Whatever type of exercise you do, it’s just as important to focus on how to do it safely and recover from it properly as it is to get the results you want.
A lot of people go running for an easy way to get some great cardio in, and there’s no denying that it can be one of the best exercises to get into, but it can also cause some problems, especially if you’re not being as careful as you should be.
Here, we’re going to look at some common injuries faced by runners, and what you can do to manage those risks.
Table of Contents
Sudden and Consistent Foot Pain
The ache of your feet’s muscles from exercise, as well as the soreness that can come from repeatedly running on them, are both to be expected.
However, if you feel a sudden or sharp pain in your heel, it may also be plantar fasciitis, one of the most common conditions affecting runners.
Some people are more likely to develop this injury, such as those with high arches in their feet or tight calf muscles. One of the best ways to avoid the risk of this injury is to ensure that you’re wearing good runner’s shoes, that offer the right combination of cushioning and support.
Plantar fasciitis usually occurs due to landing on the foot wrong, which irritates and inflames the plantar fascia.
The bones in the shins and feet can see a lot of wear and tear when running. If you take the time to gradually build up how much you run, and how intensely you do it, your bones can strengthen and be able to handle that stress.
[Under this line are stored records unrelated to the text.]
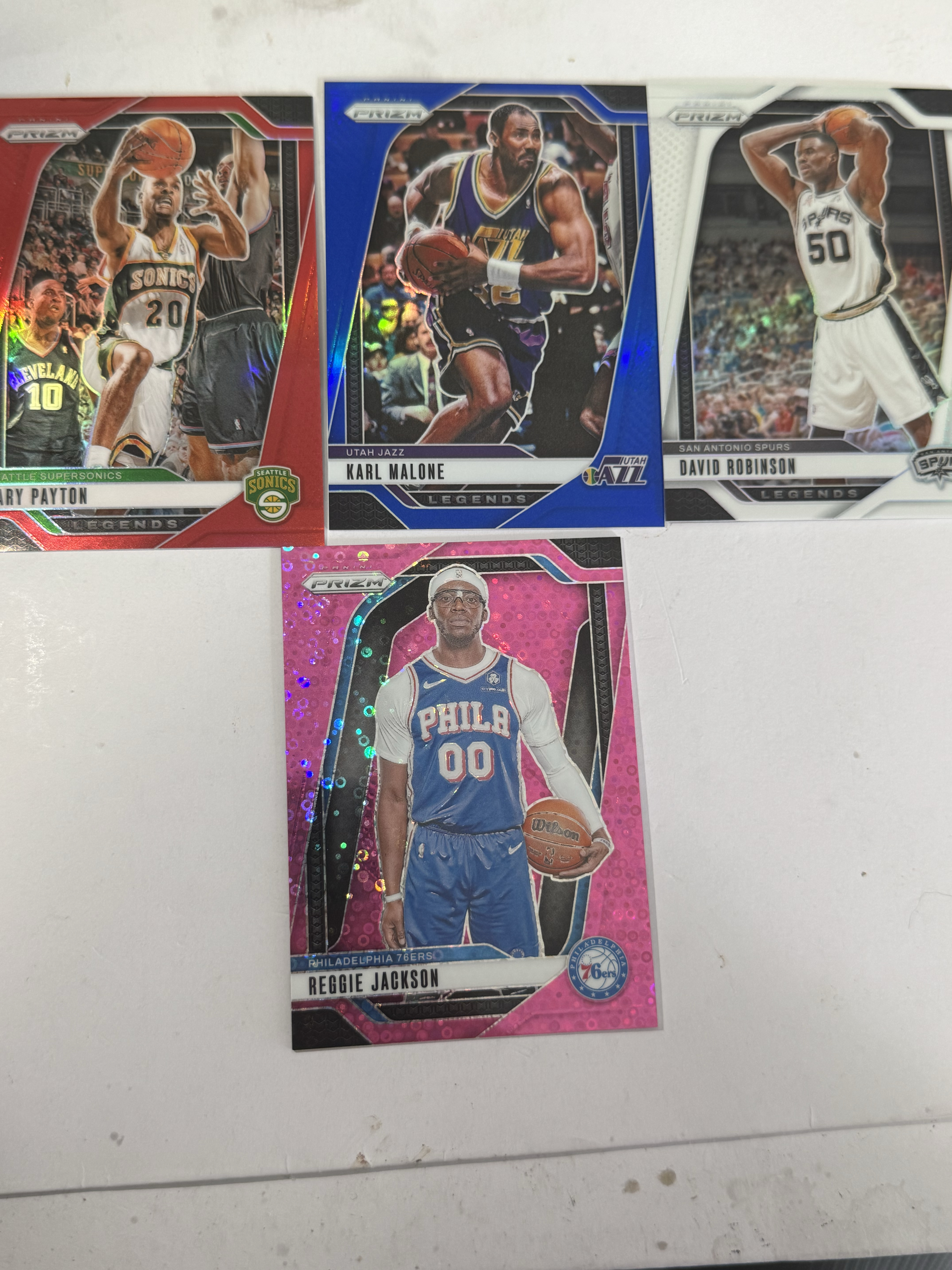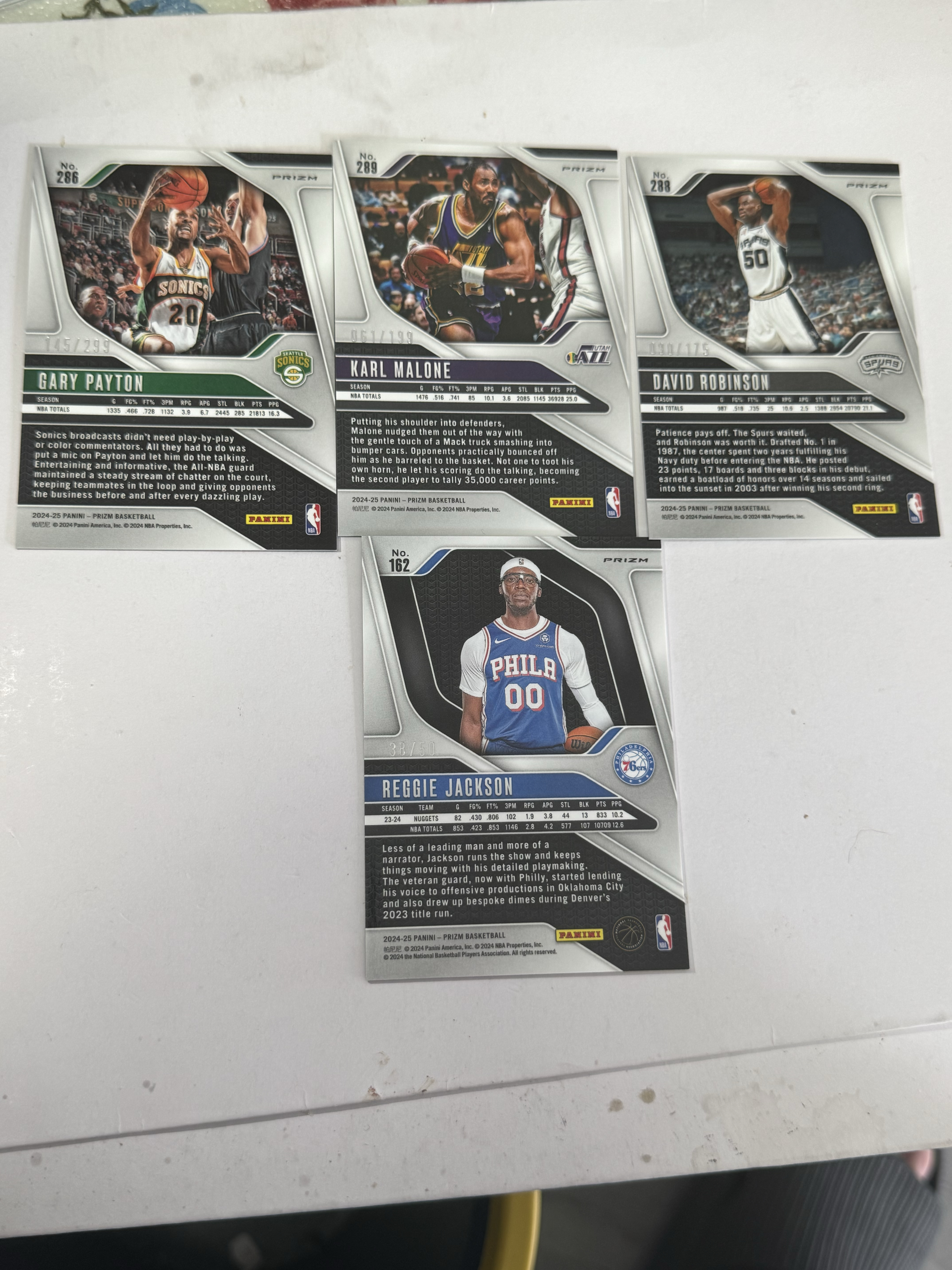 2024-25 Panini Prizm Gary Payton Prizm 折射 加里 佩顿 大卫 罗宾逊 雷吉 杰克逊 卡尔马龙 邮差 手套 海军上将 带编 3人lot 卡品如图
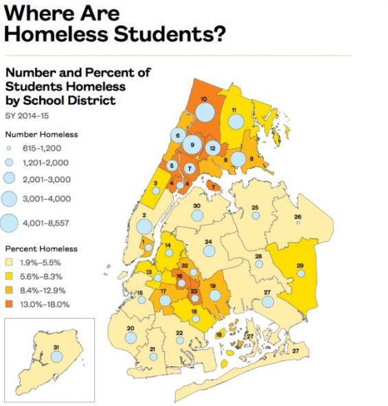 The organization released a map breaking the data down by school, which “provides a detailed picture of homelessness within the City’s educational system: where homeless students go to school, what kinds of supports they may need, what their academic outcomes look like, what differences exist by the type of homelessness a student experiences, and what the lasting impacts of homelessness are educationally—even after a student’s housing instability has ended,” the report explains.
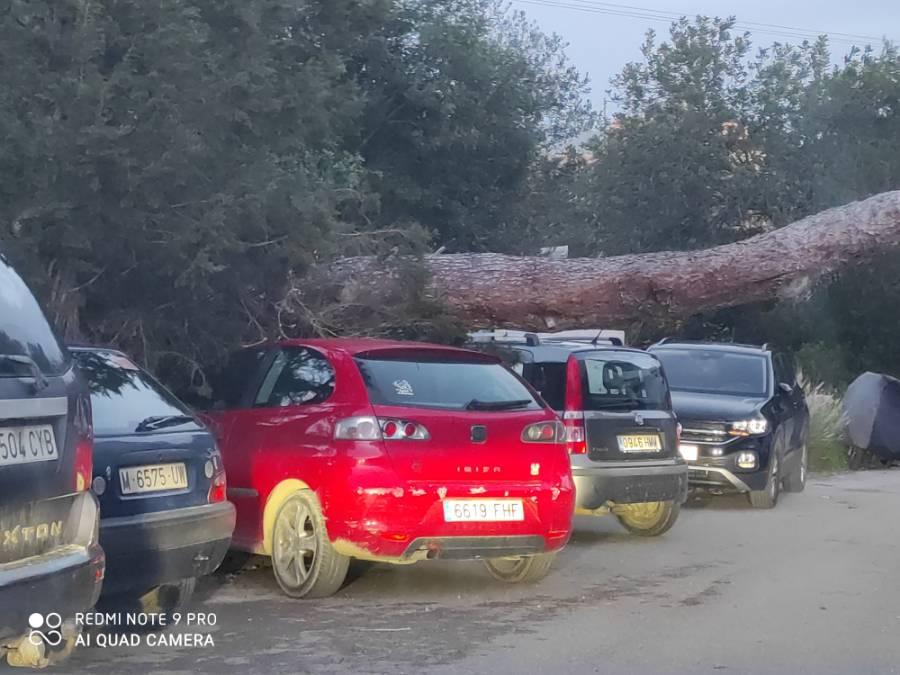 La caída de un árbol de grandes dimensiones en la urbanización Mira Mar, en el municipio ibicenco de Santa Eulària, ha causado daños materiales en varios vehículos que se encontraban estacionados en esta zona. Por fortuna, no se han registrado daños personales, según informan las autoridades locales.
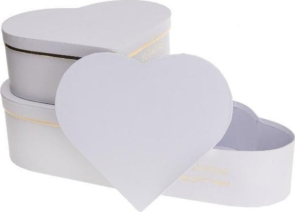 Flower Box 3Pc White Heart Rozette
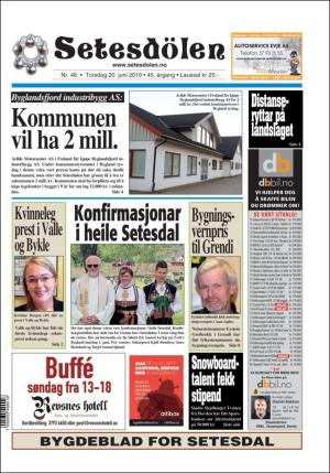 Setesdølen nr. 46, 2019 kom ut torsdag 20. juni 2019. Setesdølen hadde 12 sider denne dagen.
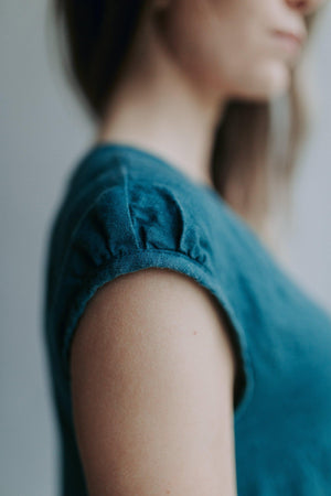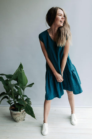 What a fun and comfortable drop waist linen dress! Made from high quality softened European linen for the ultimate comfort of your body. In the images you see the dress made from Deep Teal color linen.
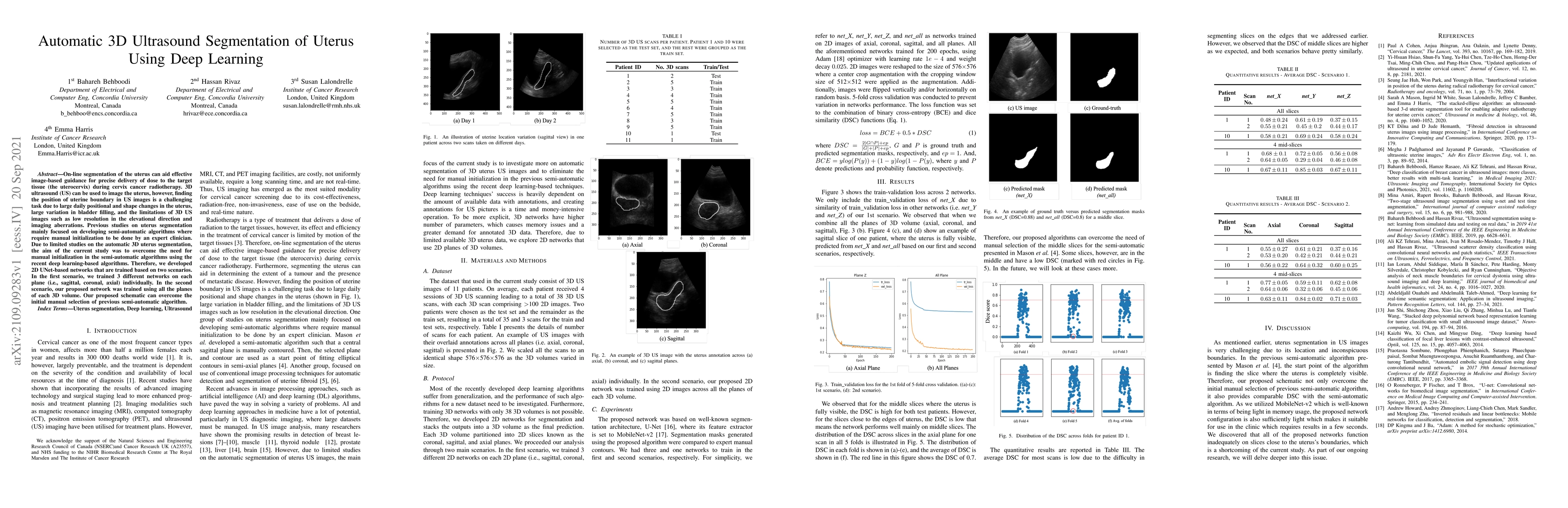 This paper develops automatic 3D ultrasound segmentation of the uterus using deep learning to eliminate the need for manual initialization in semi-automatic algorithms. The study employs 2D UNet-based networks trained on individual planes and a comprehensive 3D volume approach to achieve precise uterine boundary delineation.

However, a lot of people who do not give their body time to get used to new exercises can be much more prone to these fractures, making them common running injuries for those who run too much instead of building up to it.
Stress fractures are tiny cracks in the bones that are going to be uncomfortable and painful, but rest is usually enough to make them go away.
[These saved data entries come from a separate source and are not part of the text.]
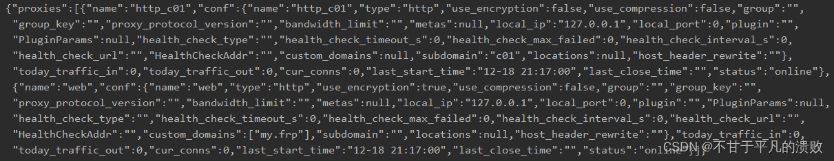 在实际使用过程中有时想通过程序动态的判断FRP上的服务是否在线,以便于做出是否可以跳转链接的决策,这时可调用FRP的服务列表接口即可获取到相关的信息了。
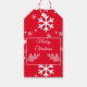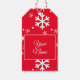 Des flocons de neige blancs et des arbres de Noël sur un arrière - plan rouge. Modifiez le nom à l'arrière de la balise sur votre propre nom ou supprimez la zone de texte. Si vous aimez le thème de l'emballage, vous pouvez trouver un sac cadeau avec le même design dans le magasin The Beau Corner avec ruban de flocons de neige et papiers d'emballage qui va parfaitement avec ce design. Vous pouvez changer la couleur de l'arrière - plan en couleur si vous le souhaitez.
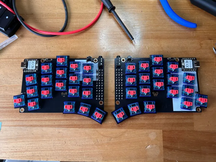 一方で、投稿者はBluetooth接続時のバッテリー寿命についてコミュニティに情報を求めています。製品到着時に基板の電源が「ON」の状態でバッテリーが低下していたとのことですが、MacBookでUSB充電を行った後、ケーブルを抜くとOS上のバッテリー残量表示が著しく減少する現象が発生しているようです。物理的なバッテリーの膨張(膨らみ)は見られないため、100%まで充電した上でのフルテストを予定しつつも、バッテリーの初期不良ではないかと懸念を抱いています。
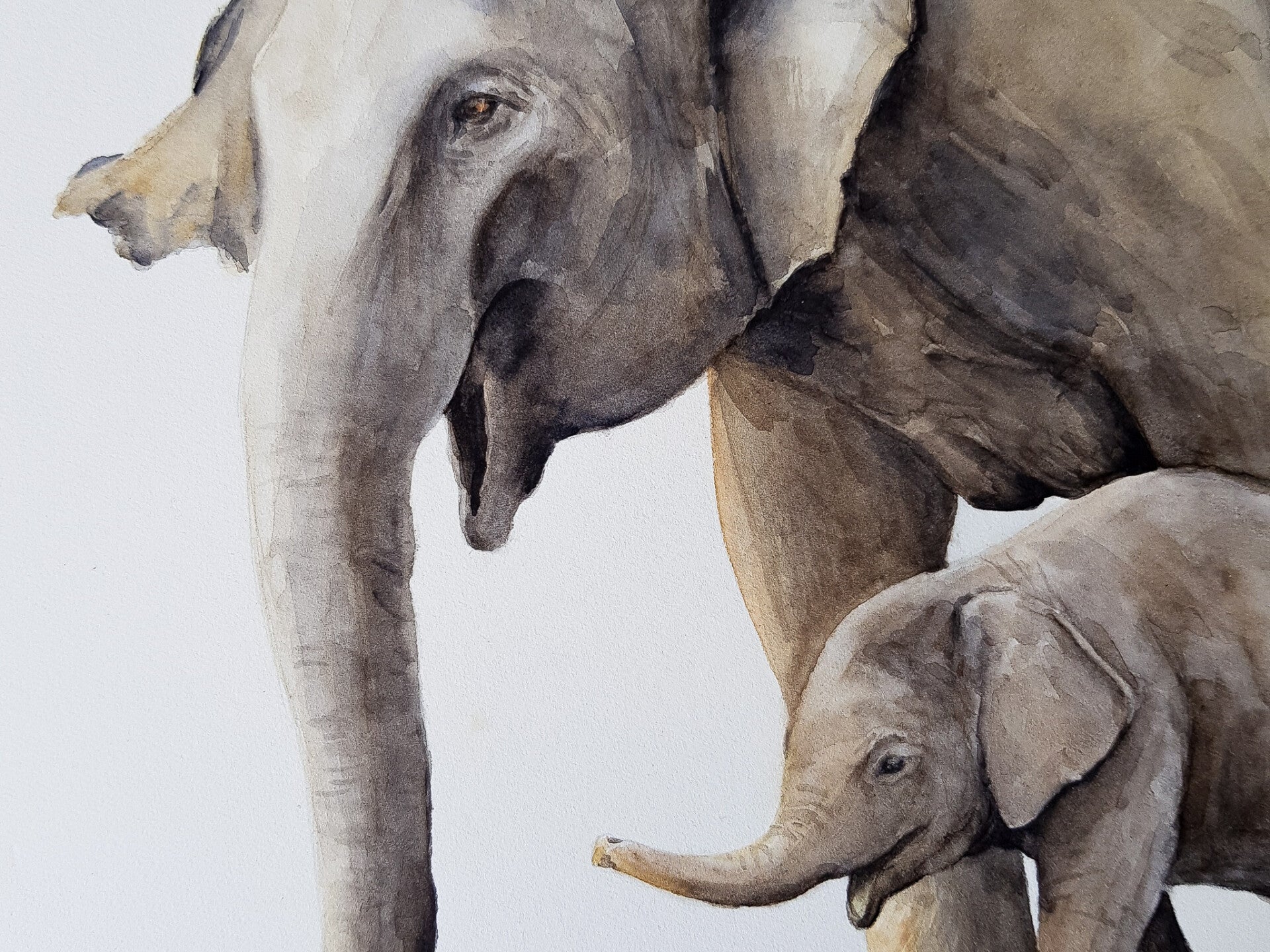 Bij deze aquarel is het schilderstape eromheen gelaten zodat de afbeelding mooi achter een passe partout valt bij inlijsting.
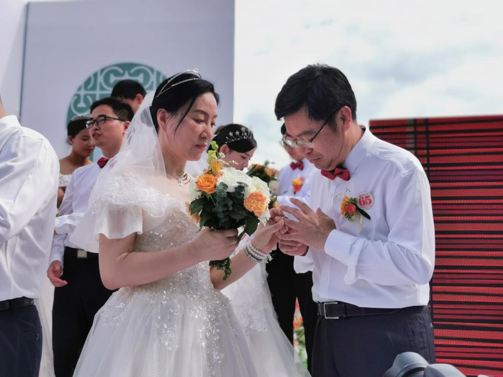 金宗斌、贾瑞珍夫妇作为见证人为50对伉俪送上祝福。
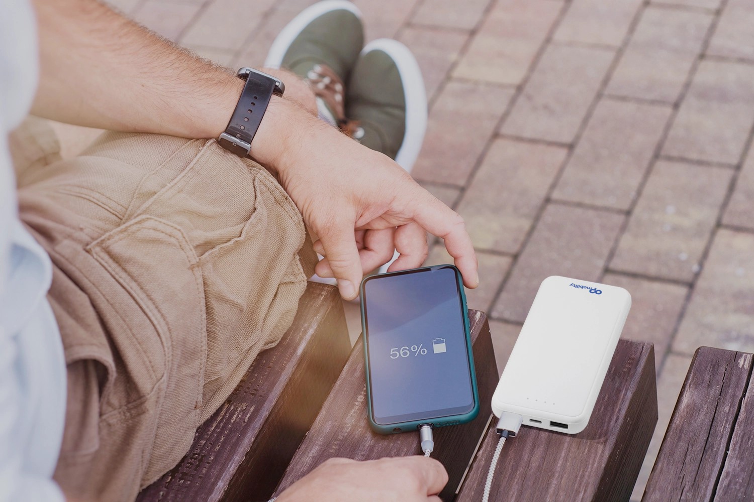 Die 10.000 mAh Powerbank aus recyceltem Kunststoff vereint Stil und Komfort in einem kompakten Design. Mit zwei integrierten Kabeln, einem Typ-C und einem Lightning-/Micro-USB-Kombikabel sowie zwei USB-A Ausgängen und einem Typ-C Ein-/Ausgang bietet es vielseitige Lademöglichkeiten. Eine LED-Anzeige zeigt den Ladestatus, eine zuverlässige Lösung für unterwegs.

If you feel pain in your foot or shin, rest until it goes away. If it shows no sign of subsiding after a week or so, see a doctor.
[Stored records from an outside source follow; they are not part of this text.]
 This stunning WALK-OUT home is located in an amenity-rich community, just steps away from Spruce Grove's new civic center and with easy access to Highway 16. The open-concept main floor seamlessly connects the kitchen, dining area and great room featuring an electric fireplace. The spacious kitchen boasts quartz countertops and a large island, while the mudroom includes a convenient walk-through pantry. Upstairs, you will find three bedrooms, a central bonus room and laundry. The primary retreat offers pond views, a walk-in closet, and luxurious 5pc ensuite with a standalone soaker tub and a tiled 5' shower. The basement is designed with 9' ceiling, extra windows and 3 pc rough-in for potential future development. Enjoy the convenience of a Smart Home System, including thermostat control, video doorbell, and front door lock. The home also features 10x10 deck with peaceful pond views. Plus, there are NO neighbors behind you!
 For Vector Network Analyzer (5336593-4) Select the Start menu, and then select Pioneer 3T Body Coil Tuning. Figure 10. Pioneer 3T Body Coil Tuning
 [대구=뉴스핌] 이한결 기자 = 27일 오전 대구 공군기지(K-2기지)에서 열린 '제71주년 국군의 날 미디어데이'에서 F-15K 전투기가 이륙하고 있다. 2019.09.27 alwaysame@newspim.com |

Damage to the Cartilage (Runner’s Knee)
Although running is a high-impact sport, the truth is that, in most cases, it’s actually going to help improve the strength of your cartilage and strengthen your joints. However, that’s not to say that cartilage injuries aren’t prone to happen to runners.
Usually, when they do, it’s due to a mistake with your form, such as twisting your knee or turning it while you’re stepping. Cartilage damage can require surgery to fix, but rarely is it likely to require anything as extensive as a total knee replacement.
Any knee pain you feel beyond inflammation should be treated as soon as you can to avoid the damage from getting that dire.
Inflammation of the Tendons
Your tendons are the connective tissues between your muscles and they can be prone to all manner of injuries, as well.
Inflammation is particularly common with the tendons, and the Achilles tendon, in particular, is the one most likely to experience it. Achilles tendonitis is inflammation affecting this tendon, which runs from the calf to the heel.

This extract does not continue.